SUPPLIED INFORMATION
------------
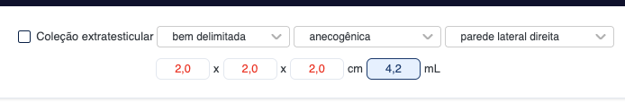 • ajustar medidas pré-preenchidas da "coleção extratesticular" no módulo de paredes da bolsa testicular para 2,0 cm nos três campos
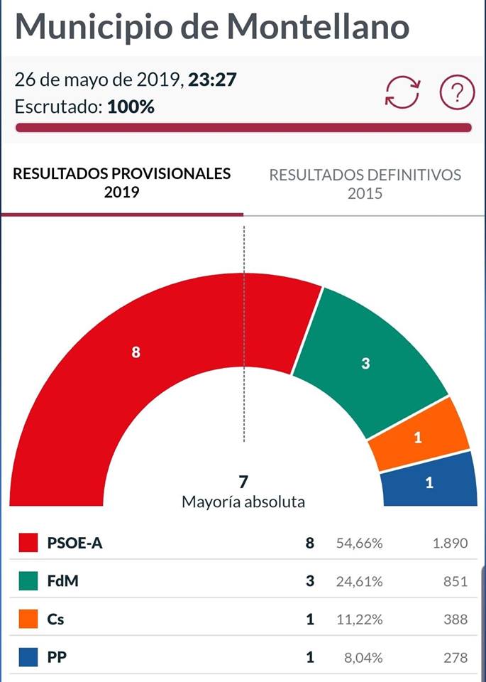 Los resultados en Montellano en las elecciones locales celebradas ayer fueron los siguientes: PSOE-A 1890 votos (8 concejales), FdM 851 votos (3 concejales), Cs 388 votos (1 concejal) y PP 278 votos (1 concejal). La participación fue del 62,48%. Toda la información se puede consultar en la web del Ministerio de Interior: https://resultados.eleccioneslocaleseuropeas19.es/…
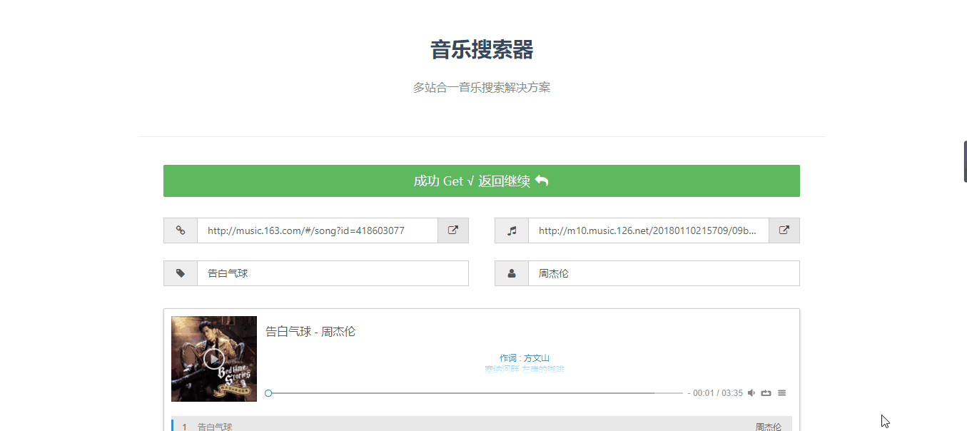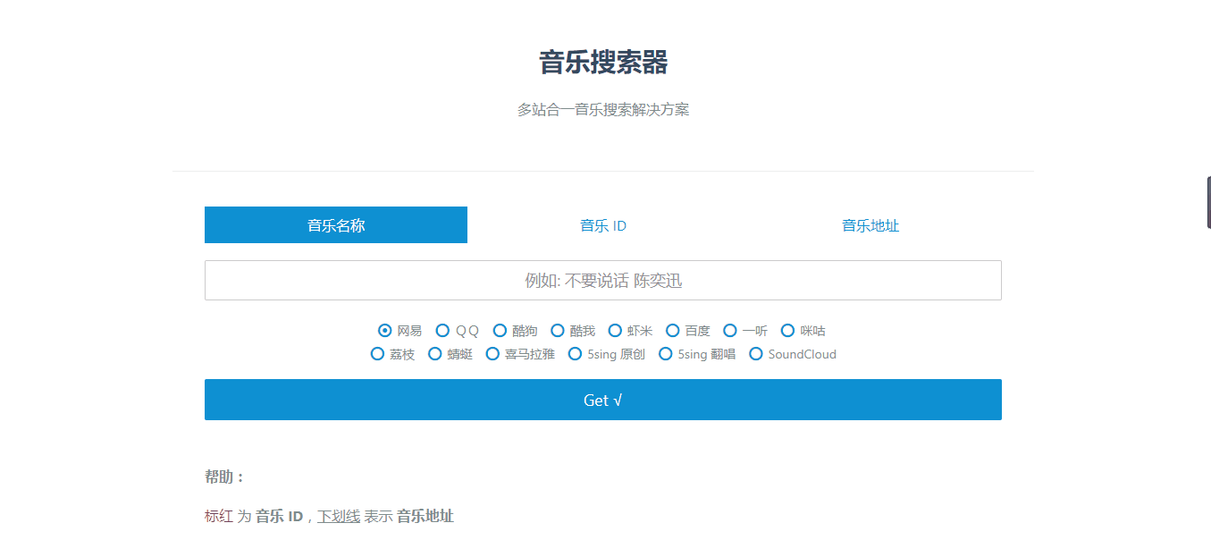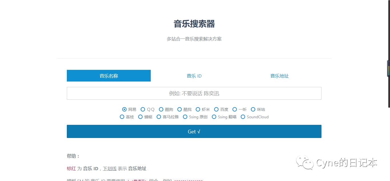 在搜索栏的下面可以更改源(比如有些歌曲网易没有,就可以用酷狗或者其它源进行搜索),然后点击“Get”就可以获取到歌曲的链接了。
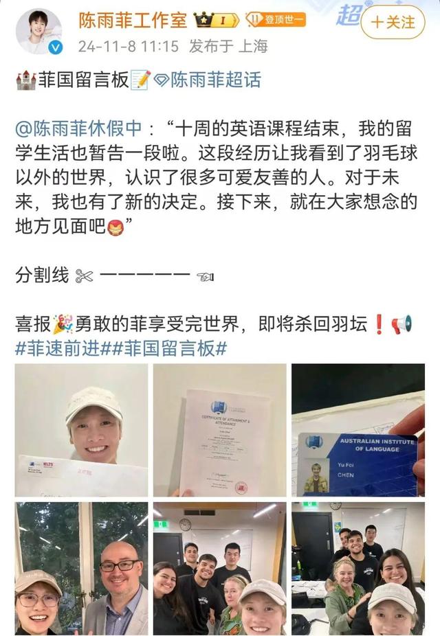 在总结中,陈雨菲表示自己对于未来已经有了新的决定,“十周的英语课程结束,我的留学生活也暂告一段啦。这段经历让我看到了羽毛球以外的世界,认识了很多可爱友善的人。对于未来,我也有了新的决定。接下来,就在大家想念的地方见面吧。”
------------
BRIEF
The whole of the data above needs retyping exactly, with pictures omitted.

RESPONSE BOX
 • ajustar medidas pré-preenchidas da "coleção extratesticular" no módulo de paredes da bolsa testicular para 2,0 cm nos três campos
 Los resultados en Montellano en las elecciones locales celebradas ayer fueron los siguientes: PSOE-A 1890 votos (8 concejales), FdM 851 votos (3 concejales), Cs 388 votos (1 concejal) y PP 278 votos (1 concejal). La participación fue del 62,48%. Toda la información se puede consultar en la web del Ministerio de Interior: https://resultados.eleccioneslocaleseuropeas19.es/…
 在搜索栏的下面可以更改源(比如有些歌曲网易没有,就可以用酷狗或者其它源进行搜索),然后点击“Get”就可以获取到歌曲的链接了。
 在总结中,陈雨菲表示自己对于未来已经有了新的决定,“十周的英语课程结束,我的留学生活也暂告一段啦。这段经历让我看到了羽毛球以外的世界,认识了很多可爱友善的人。对于未来,我也有了新的决定。接下来,就在大家想念的地方见面吧。”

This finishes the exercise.